Gears of War 3 (released on Sept. 20) just had the first of its four DLC packs launch this week, and to say there were issues would be an understatement bigger than there may still be some issues with the worldwide economy. First off it didn’t show up as a free download for Season Pass owners and Microsoft had to take it down for several hours before fixing the coding and people were actually able to download the 1.5 MB file. That’s right kiddies, you paid for an unlock key that was content already on the disk!

Forums and blogs all over the Internet sprang up with outrage as Epic pulled a similar excuse as Bioware did with Dragon Age Origins as to why it had two extra DLC quests available when the game came out. Since the game was delayed from spring to an autumn release, they had a team working on the maps and, since they were done before the game came out, Epic decided to have the content put on the disk. However, as they still had plans for periodic DLC’s to keep the game relevant vs. all the other shooting games competing for Modern Warfare 3’s leftovers they hid this content behind an unlock key. At least Epic didn’t have a natural disaster to blame like Capcom did for Marvel vs. Capcom 3.

But like classic 1980’s Mike Tyson the first hit was not the knockout punch, it was the second one. Epic announced that the meat of the content, the extra maps for the game’s online modes, would be available for free in 3 weeks. So all the paying customers got was the few extra weapons for the online co-op Horde mode, extra weapon skins (the other weasely way Epic was making more money from the game,) and the extra achievement points.

Microsoft’s other big title to offer the season pass this fall, Forza 4, came and went without much press, but I think that’s because a lot of casual fans of the game know it’s idiotic to buy a Forza game within the first year of the game’s release. That’s because both Forza 2 and 3 had a Greatest Hits version come out about a year after the initial release that put all the extra cars that were available for download since release on an extra disk. Even if you buy the car packs ala carte when on sale, you get a much better deal waiting for a year then buying the game. Forza 3 saved the pretense of initially charging $60 for the P.H. copy of the game because it had extra content and made it $30 to start with, screwing over anyone who had bought Forza 3 to begin with (like this writer.)
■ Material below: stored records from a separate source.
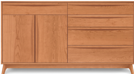
4 Drawer on Right, 1 Drawer over 2 Doors on Left Dresser 2-CAL-71-XX 66 1/8"w x 18"l x 36"h
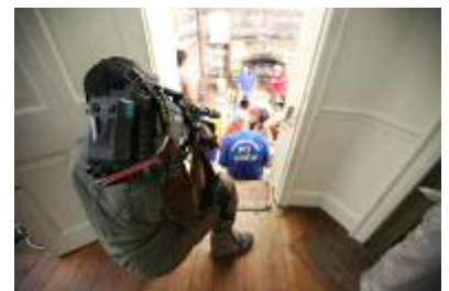
On the cover: Time Team America camera-man filming excavations for the episode “The Search for Josiah Henson.”

Acknowledgments. The 2012 Pimu Catalina Island Archaeology Field School was also supported by the Institute for Field Research (IFR).
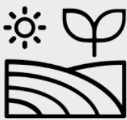
GMPE Geomorphology and Exogenic Processes
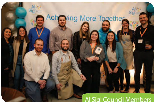
AI Sigl Council Members

Special thanks to Fairport Brewing on University Avenue for hosting our JustOne® Night Guest Bartending event this Fe-blue-ary, as volunteers from the AI Sigl Council, Foundation, Board of Governors, and Board of Trustees competed to raise funds and invite friends to learn more about AI Sigl.
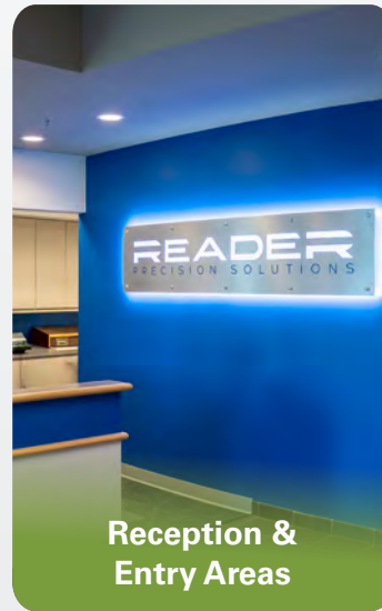
Reception & Entry Areas

Professional environments that elevate learning
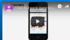
How It Works
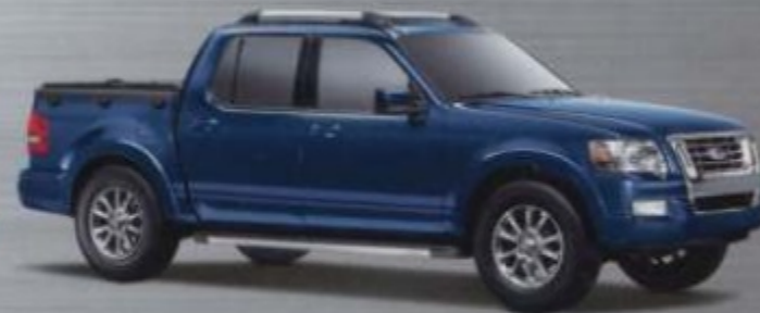
Sport Blue Metallic
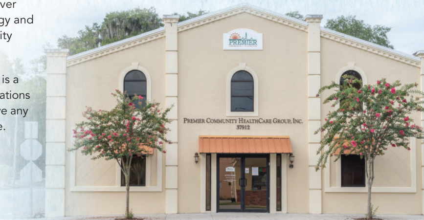
Premier Administration Building
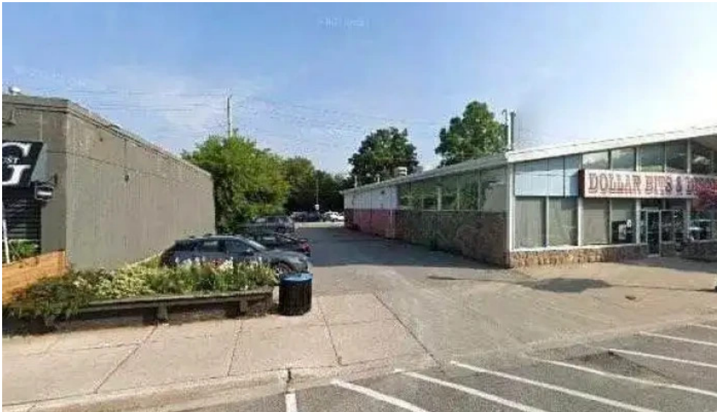
Simcoe county addiction mental health service all
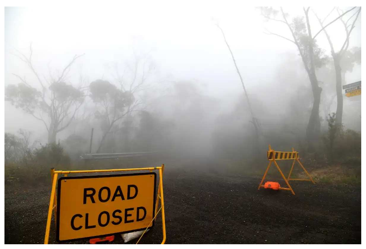
In January 2020, in the vicinity of Sydney, a thick fog due to massive fires devastated large parts of the Australian territory.

France, but is essential to gaining a better understanding of the complexity of the modern world and finding more comprehensive solutions to the economic, social and environmental challenges facing our societies.
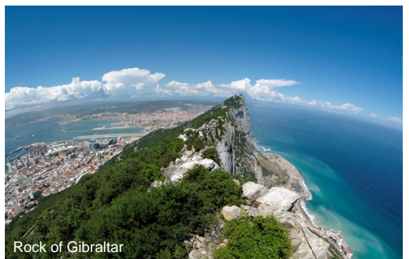
Rock of Gibraltar

Sony, who is just now starting to accept the trends of online passes and more DLC, hastily before launch announced a season pass for Uncharted 3 (entitled The Fortune Hunters’ Club) at $25 that would save $20 over the 7 downloadable packs planned for Uncharted 3. Well three of those packs were out for the game’s release, and they were just the exact same premium skins from Uncharted 2’s MP, costing $2.50 per pack. Even those who had these from Uncharted 2 would have to pay for them again. So now early adopters have to see if the 4 competitive/cooperative focused packs are worth paying $25 for instead of $37.50.

Call of Duty Elite, more than just a season pass? Only time will tell.

The biggest question though will be if the mass market adopts Activision’s Call of Duty Elite program in the same way that CoD MP map packs at $15 a pop were adopted. Being the most expensive package at $50, Activision has positioned this as more than just a season pass. They tout the extra space available for video uploads, expanded clan options, map and weapon analysis from developers and pros, premium video content, and other things in addition to getting maps monthly instead of bi-monthly and sooner than non-subscribers.

While one can argue this has the most value of the 7 season passes that have come out in the last 13 months, I think it’s not going to sell like the CoD map packs have sold since the original Modern Warfare. Malistre of the Powcast has often had to critique my point of view in that while I’m always looking for game deals via, Joe Gamer doesn’t think that way and can’t understand that $50 upfront is going to be cheaper than $60 or more over the course of the next 9 months.

Unlike the other big trend from 2010, the online pass, the future of the season pass is a murky one as while each program has had benefits, the detractions of them have slowed its adoption across all games. As an owner of the Uncharted 3 and Call of Duty passes I hope I don’t regret these purchases this time next year.